§ What this task involves: Reproduce word for word the line holding "SEIR模型图示 E代表 Exposed 潜伏者 | 参考资料[6]" and all lines after it in the data, through the end, leaving out pictures.

§ Provided data:
- Opening Delimiter -
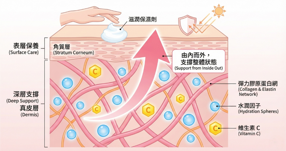 如圖解所示,真皮層內部是一個複雜的微生態:由交織的「彈力膠原蛋白網」作為核心骨架,搭配「水潤因子」填補空隙,同時需要「維生素 C」來輔助結構穩定。這正是口服保養受到重視的原因:透過高生物利用率的超微分子膠原蛋白,提供基底所需的建築材料,達到「由內而外,支撐整體狀態」的保養目標。
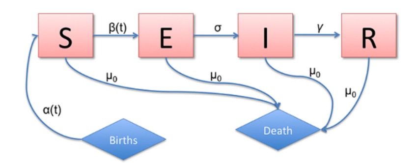 SEIR模型图示 E代表 Exposed 潜伏者 | 参考资料[6]
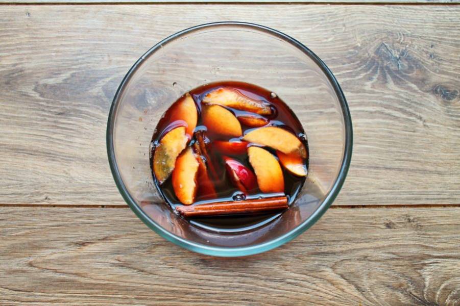 Персики вымойте, удалите косточки и порежьте на тонкие дольки, выложите в чашу. Добавьте к персикам палочки корицы.
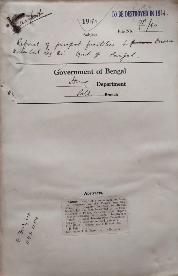Refusal of passport facilities to Dewan Kishun by the Govt. of Punjab.
- Closing Delimiter -
§ Written solution:
 SEIR模型图示 E代表 Exposed 潜伏者 | 参考资料[6]
 Персики вымойте, удалите косточки и порежьте на тонкие дольки, выложите в чашу. Добавьте к персикам палочки корицы.
Refusal of passport facilities to Dewan Kishun by the Govt. of Punjab.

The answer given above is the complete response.